Our relationship with God is tied to our relationship with others

He forbids us from trying to cover the pain in our soul with religious practices.

[ re-read. vv.23-24 ]

Have you ever done that? I have. When I know that I have treated another wrongly and I feel the pain of alienation in my soul, I have tried to drown it in songs of worship to the Lord. I have bargained with God, attempting to "buy" His peace as a balm for my soul wound, or to soothe my angry feelings, or to help me with the resentment that is eating away inside of me.

Jesus says, "Go, attempt to make it right! Then come and worship God without an ulterior motive."

In Hebrews, we learn that finding reconciliation in every matter is not always possible because reconciliation requires both parties in a dispute. However, you and I choose our course, and we are obligated by our love for God and others to make every reasonable attempt. [12:14]

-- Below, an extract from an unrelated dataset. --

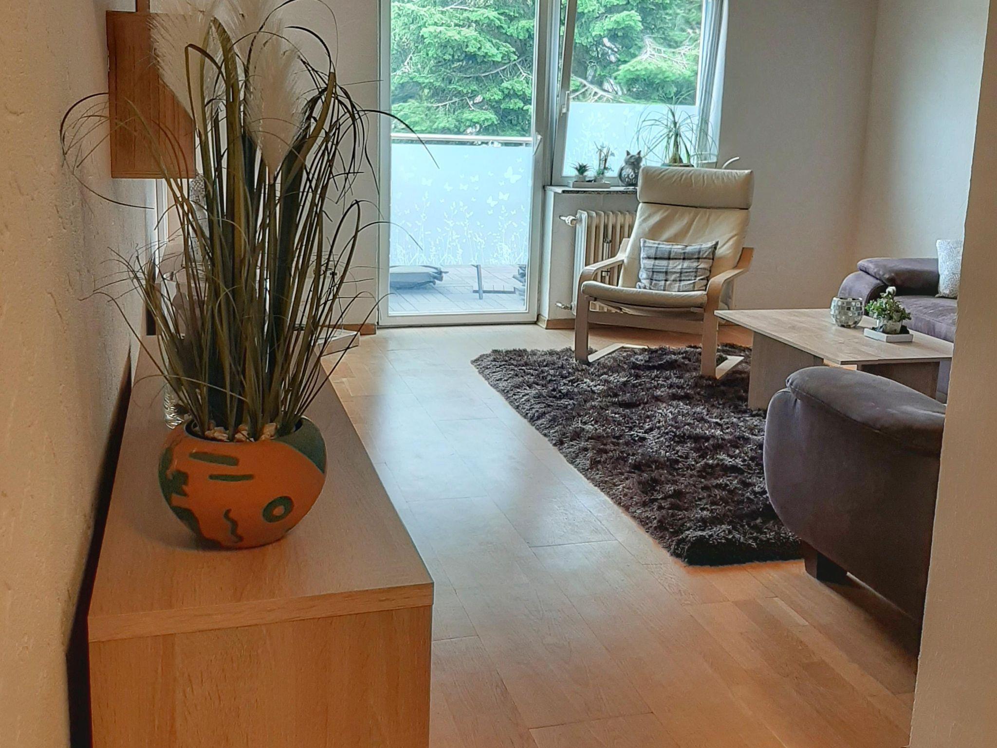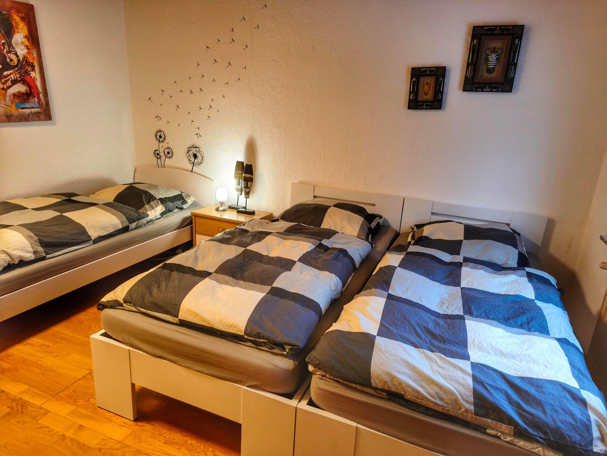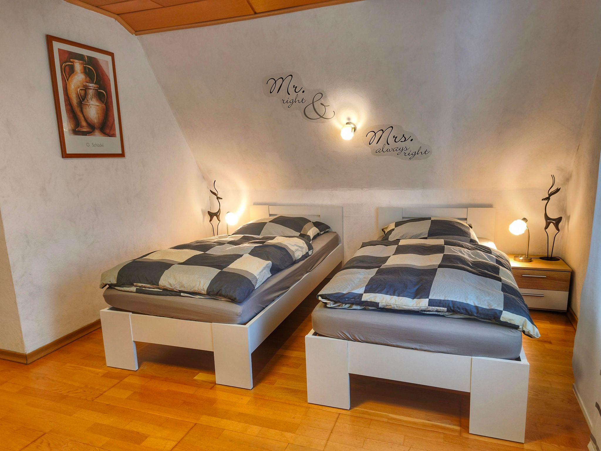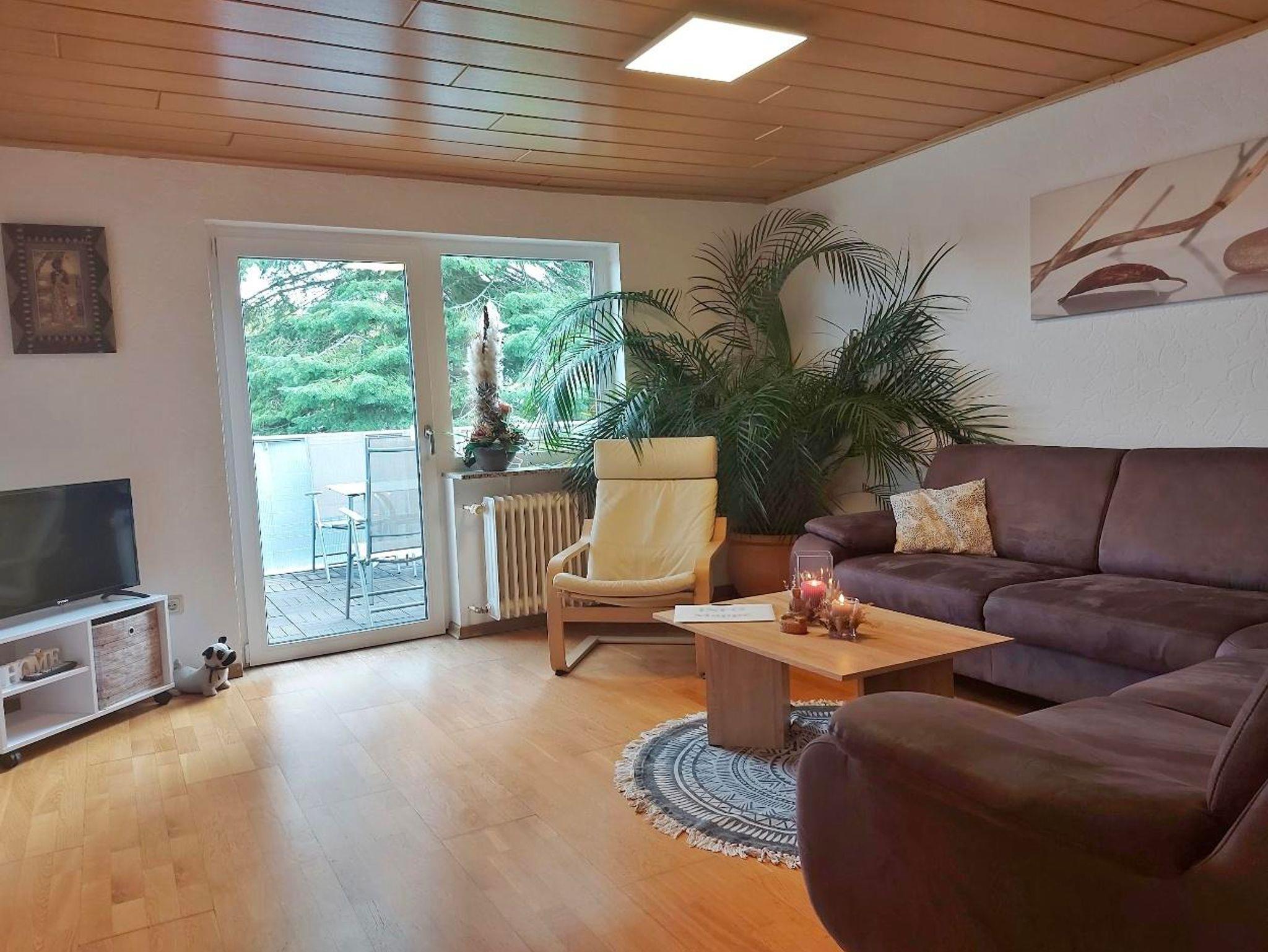 Wohnung in der 1. Etage eines Zweifamilienhauses Eingezäunter Garten Grill und Aufstellpool (Pool wird von beiden Wohnparteien genutzt) Haustiere auf Anfrage Waldrandlage 3 Schlafzimmer: 1 Zimmer mit 2 Einzelbetten/ Fernseher 1 Zimmer mit 1 Einzelbett 1 Zimmer mit 3 Einzellbetten 1 Bad mit Dusche und Eckbadewanne 1 Wohnzimmer , Fernseher 1 voll ausgestattete Küche mit Backofen, Geschirrspüler, Kaffeemaschine, Toaster, Wasserkocher, Mikrowelle, Kühlgefrierkombination Balkon Balkonmöbel Handtücher Bettwäsche Kostenlose Parkmöglichkeiten direkt vorm Haus Einkaufsmöglichkeiten direkt vor Ort.

"Make every effort to live in peace with all men and to be holy; without holiness no one will see the Lord. See to it that no one misses the grace of God and that no bitter root grows up to cause trouble and defile many."

Love must be the first priority of all spiritual activity.

If loving God and loving others are not top priority, then our spirituality deteriorates into just another win-lose contest or another place in which power structures are created to enforce rules and law to keep order. For the Believer, Jesus says the issue is not being compelled by the law or fear. It is about desiring the best for others because we have experienced God’s best in our own lives.

Here at Washington Assembly if loving each other, building bridges for relationships is not the highest priority we will become just another organization enables the few in leadership to force their agenda on the rest of the crowd. Our tactics will become the world’s tactics of bluff, intimidation, and power politics. And don’t say it cannot happen!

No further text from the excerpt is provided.